変幻自在なブラストビートに乗せてメカニカルなクリーンディレイやワウを使用した爽やかギターソロもまさに豊麗。
耳が喜び、血が沸る良質メタルコア。
■Black Heart
雑音の概念すら微塵もない純粋極まりないピロピロしたギターが電子音と混ざり合い、大地を砕かんばかりのドラムとベースと大合流を果たすタイトルトラック。
ギターは「キュルルン」というハーモニクス?スクラッチ?みたいな綺麗なノイズを多用し、その対比で曲に緊張感を与えている。
■Open Wounds
Joe Cocchiが紡ぐハイフレット多用系高音ギターリフが電子音ピコピコサウンドと重なり、容赦ない複雑性と狂気が一直線に向かってくる。
傷口が思わず開いちゃうような高速上昇フレーズも主張が出ちゃった感が垣間見えてで好きです。
Jason Richardsonパイセンリスペクトも感じられる。
■Eighty Sixed
ギターインスト曲。
カッティングやミュートなどの音の輪郭のハッキリしたモダンな音が並ぶ。
王道系の印象的な聞かせるフレーズを瞬間瞬間で鳴らしつつ、基本はノイズや落ち着かない変態リズムを絶え間なく繰り出す事で不穏な空気にさせて、気持ちよさだけを与えない、なんともドSな作り。
Joe Cocchi、やりおる。
■Devil in Me
ミドルテンポや疾走テンポを慌ただしく混ぜつつ、音の明度の高いカオス空間を繰り広げるテクデス。

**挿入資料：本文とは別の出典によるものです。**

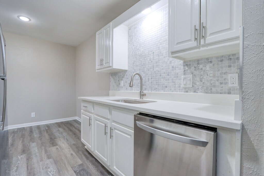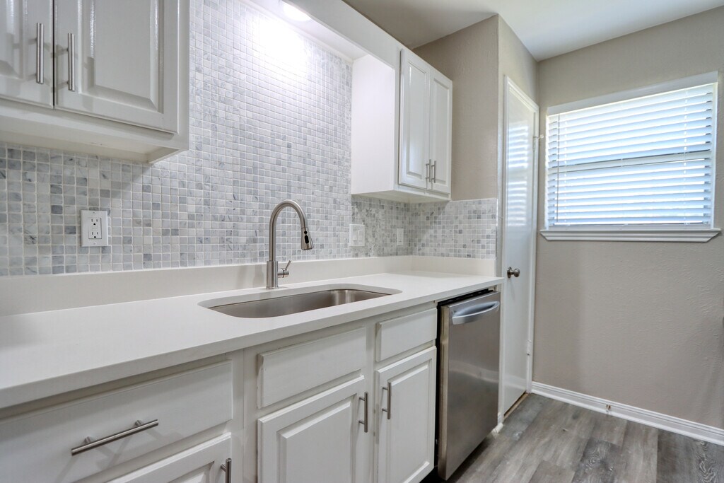 This HALF DUPLEX HOME WITH A LARGE BACKYARD was transformed through a complete renovation in 2026, using a modern grey and white color scheme with satin nickel fixtures! The kitchen has been renovated with all NEW white quartz kitchen countertops, REAL MARBLE backsplash, large stainless kitchen sink, kitchen faucet, cabinets painted white, and cabinet bar handles. The kitchen also has all NEW stainless steel appliances, including a refrigerator/freezer, dishwasher, stove/oven, and range hood. The bathroom has been redone with a new bathtub, porcelain marble look shower walls, REAL MARBLE shower mosaic, and bathroom fixtures. The entire home has all NEW luxury vinyl plank flooring, ceiling fans, light fixtures, doorknobs, 2 inch faux wood window blinds, and window screens. The interior and exterior were both freshly painted. Laundry closet with a door, enclosing a brand new washer/dryer. Your very own concrete driveway, and a large grassy backyard that backs up to a HUGE grassy field!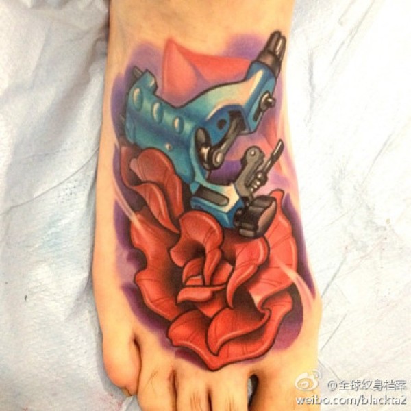 女生脚背时尚经典的玫瑰与马达机纹身图案_玫瑰花纹身图案大全_纹身图吧

絵で例えるとビビッドレッドとショッキングピンクとキャナリーイエローと…明度の高い色を全力でキャンバスに塗りたくる感じのアクの強さを感じる。
コーラスで広がるクリーンボイスの開放感は失禁注意。
■Hollow
音の輪郭に描かれる線が一々濃くて力強い。
7弦の歪みを感じられるギターワークがなかなか濃厚。
ブラスト疾走部The Black Dahlia Murderの香りも感じます。
■Outsider
メロデスの風を感じる一曲。
幾度となく無機質に繰り返される5連符の上昇メカニカルスウィープがフックとなり、
テクニカルながら広がりのあるメロディーラインのベースを創り出している。
コーラスはちょとナヨくて笑みが溢れでてしまった。
■RCKLSS
ジトっとしたメロデス。
メロディが強いわけではないが、ギターの哀愁漂うメインメロディにデスシャウトが絡みつくタイプの曲でライブでは映えそう。
■Ataxia
テクデスを振り回しながらメロスピの世界に進出してきたインスト曲。
このテの界隈はブラダリを始祖として、様々な個性を持ち込むバンドがたくさんいて面白い。